Binary framing: Frames (HEADERS, DATA, SETTINGS, etc.) are binary, not text. Efficient parsing.
Flow control: Per-stream flow control prevents a slow consumer from being overwhelmed.
Header compression (HPACK): Repeated headers (like content-type: application/grpc) are compressed to a few bytes.
Server push: Server can push multiple responses (for streaming) without a new request per response.

The gRPC protocol maps onto HTTP/2 like this:

Each RPC creates a new HTTP/2 stream (stream ID incremented by 1)
Client sends HEADERS frame with :method = POST, :path = /package.Service/Method, content-type = application/grpc
Client sends DATA frame(s) with the serialized protobuf request
Server sends HEADERS frame with :status = 200, grpc-status = 0
Server sends DATA frame(s) with the serialized protobuf response
Stream closes with END_STREAM flag

For streaming RPCs, multiple DATA frames flow in one or both directions on the same stream. The stream stays open until both sides signal completion.

Unary RPC: The Classic Request-Response Pattern

Unary RPC is the simplest pattern: the client sends exactly one request message, and the server sends exactly one response message. It maps directly to how HTTP/1.1 works, but with HTTP/2 multiplexing and protobuf efficiency.

The key gRPC-unique behavior happens in the framing:

The request is prefixed with a 5-byte header: 1 byte for compression flag (0 = none), 4 bytes for message length (big-endian)
The response follows the same framing
A grpc-status trailer header is sent to signal success (0 = OK) or error (non-zero)

// Unary RPC call
const request = { userId: 42 }
client.getUser(request, { deadline: Date.now() + 5000 }, (err, response) => {
  if (err) {
    console.error('gRPC error:', err.code, err.details)
    return
  }
  console.log('User:', response.name)
})

Under the hood, this triggers the frame exchange shown in the demo below.

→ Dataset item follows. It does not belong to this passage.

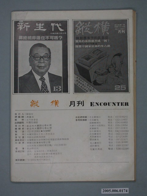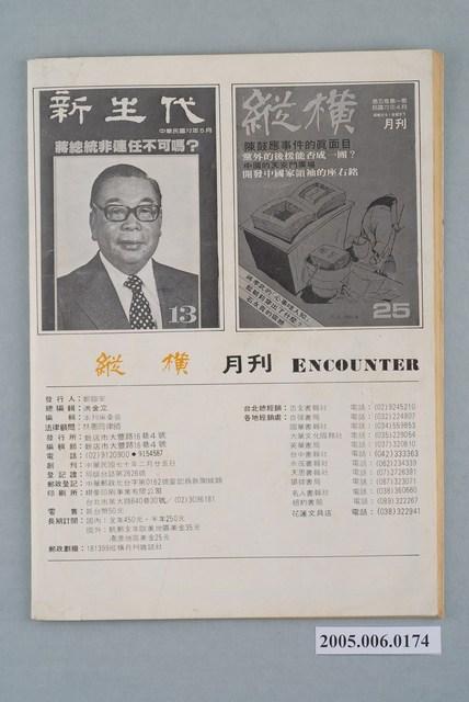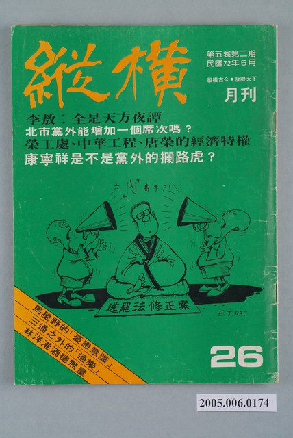 此為縱橫雜誌社1983年5月出版的《縱橫》月刊第5卷第2期總號26號,內容計有〈女安則為之-給李敖的諍言〉(王曉波)、〈做光明磊落的朋友,做光明磊落的敵人〉(李敖)、〈將軍猶當令中?-王昇的調職與動向〉(王不落)、〈吳豐山與謝東閔副總統〉(洪金立)、〈是「擔架」,還是「十字架」?-評時報雜誌理論家對「批康」的理解〉( 蘇多)、〈黨外的「荒原」是怎麼失落的?-給台北縣黨外的諍言〉(廖志倫)、〈最是蒼白風塵路-設立「色情特區」的必要性和迫切性〉(林清松)、〈不要為「綠卡」粉壁塗牆!〉(張德銘)、〈只許州官放火,不准百姓點燈-票據法的公平性在那裏?〉( 張德銘)、〈路是人走出來的-為什麼有人反對黨外「後援團」?〉( 劉慶生)、〈「劫機」帶來的大陸訊息〉(江水蓮)、〈中國時報「猴急」些什麼?〉(曾儍)、〈黃天中要上大陸教書?〉等。 此件為縱橫雜誌社出版的《縱橫》雜誌,最早於1981年由鄭臨安創刊,由宋文誠主編,為1980年代的黨外雜誌之一。《縱橫》試圖連接黨內與黨外勢力,讓國民黨能正視黨外勢力,產生兩黨競爭的利民主改革。另外在統獨立場上,《縱橫》雜誌則反對臺灣獨立,偏向統一立場。 「黨外」一詞主要為非中國國民黨的臺灣政治勢力,而「黨外」政治勢力,主要的宣傳方式為「黨外雜誌」,「黨外雜誌」最早如1950年代的《自由中國》、1970年代的《大學》、《臺灣政論》,後在1980年代「黨外雜誌」發展蓬勃,代表刊物為《八十年代》與《美麗島》,最終,這股媒體趨勢在1986年民進黨成立、1987年解除戒嚴之後逐漸式微。「黨外雜誌」在當時激起了臺灣民眾的民主意識,也逐步促成了言論自由開放。(蕭淑玲,2006,153-155)。

Unary RPC: HTTP/2 Frame Exchange

gRPC Client

UserService

HTTP/2

gRPC Server

UserService

Press "Send Request" to watch the HTTP/2 frame exchange

HEADERS

DATA

Processing

HEADERS

DATA

Server-Streaming RPC: Push Data from Server to Client

Server-streaming RPC is one of the patterns that gRPC makes easy but REST struggles with. The client sends a single request, and the server sends a stream of responses over time.

This is perfect for:

Listing a large dataset (paginated without pagination logic)
Real-time updates (the server sends new events as they happen)
Progress notifications during long-running operations

// Server-streaming RPC call
const call = client.listUsers({ role: 'admin' })
call.on('data', (user) => {
  console.log('Received user:', user.name)
})
call.on('end', () => {
  console.log('All users received')
})
call.on('error', (err) => {
  console.error('Stream error:', err)
})

The server writes multiple response messages on the same HTTP/2 stream. Each message has the standard 5-byte frame header. The stream stays open until the server sends a grpc-status trailer.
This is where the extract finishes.